Real-life Job Modeling
Today, games seem to be split into general audience, low learning curve that mimic conventions of the last few decades or exclusive, steep learning curves that reward genre jockeys and punishes everyone else. The emerging MDTs could appeal to everyone based on personality and experience. How does being a real-life mechanic effect your ability to fix a lunar rover? Or perhaps the more athletic among us could excel as knights whereas the engineers could literally build a siege engine that would work. This will bring up the moral dilemma of games where players cannot escape their real-life limitations vs games where no one has uniqueness because anyone could be anything. But with these challenges come richer rewards to the open-world platform, with long-term payout for sticking with your crew as well as knowledge with real-world implications. Already, there are many companies getting into the VR education game arena such as Unimersiv and Eon.
Unscripted Dynamics
Beyond hard trades and skills, there are many factors that could elevate the MDT experience. For one, vocal or even hand signal communication turns a button pushing challenge into a trial of coordination and cooperation. Leadership, patience and emotional intelligence get rewarded in a world with evolving social structures.

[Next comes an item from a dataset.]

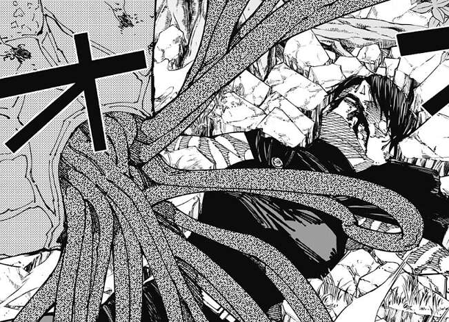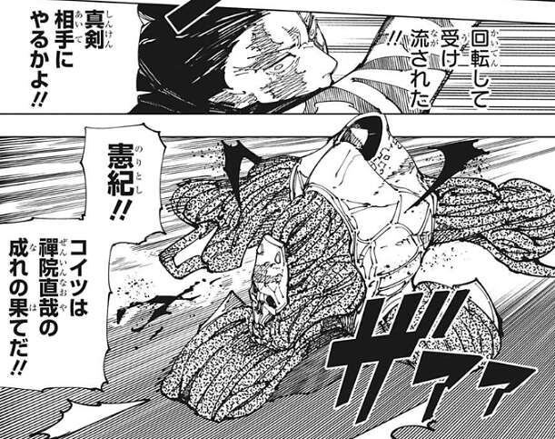 真希は「赤縛」で動けない直哉を呪具の刀で斬ろうとしますが、直哉は体を回転させて呪具の刀を受け流し、さらに加茂憲紀の「赤縛」から逃れます。攻撃をかわされた真希は加茂憲紀に、この呪霊が禪院直哉の成れの果てだと教えます。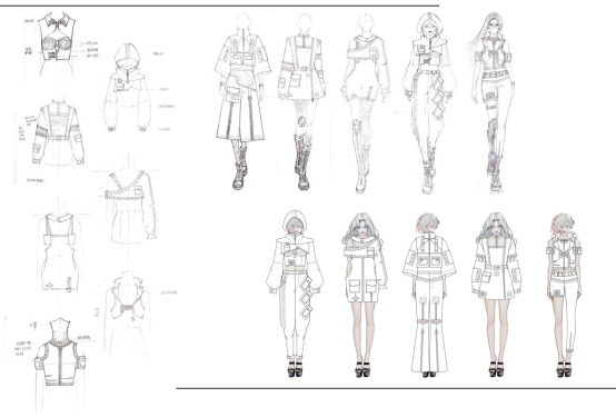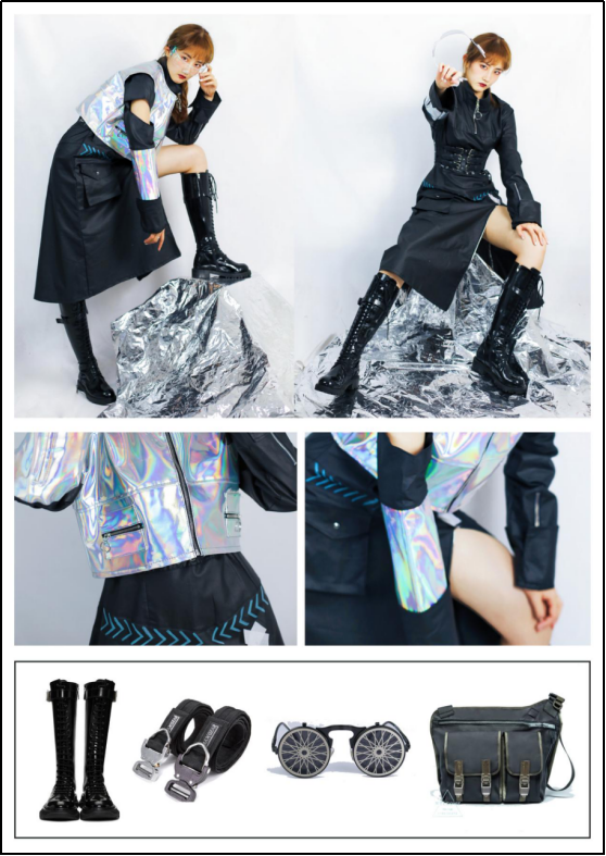 在成衣设计中,整体造型富有前卫的重工之感,使用大量金属拉链和立体口袋塑造空间感,分割连接内与外,平衡比例与线条,丰富层次和搭配,融入时装性裁剪的概念,打破传统的细节设计,主张创意表现和文化的融合,结合当下流行的都市机能风潮,在设计和功能上符合人体工程学,在各种环境的需求下既保证实用性也展现赛博风格独特的美学魅力。

Many of these same traits exist in gaming today, but not in so completely a package as VR that is capable of piping in body language and context.
Layered Stories
One of the most fascinating aspects of Westworld, once you get past the “violent desires meeting violent ends” was the idea that a single universe could have decades worth of rich, gratifying adventures that appeal to a general population, unlike many of the MMOs today. There will be campaigns for the lone outing, buddy adventure or all-out warfare. Those film and game companies trying to figure out what VR could be should be mindful that the killer game may have to be a giant world that is more complete than traditional ones today, not less.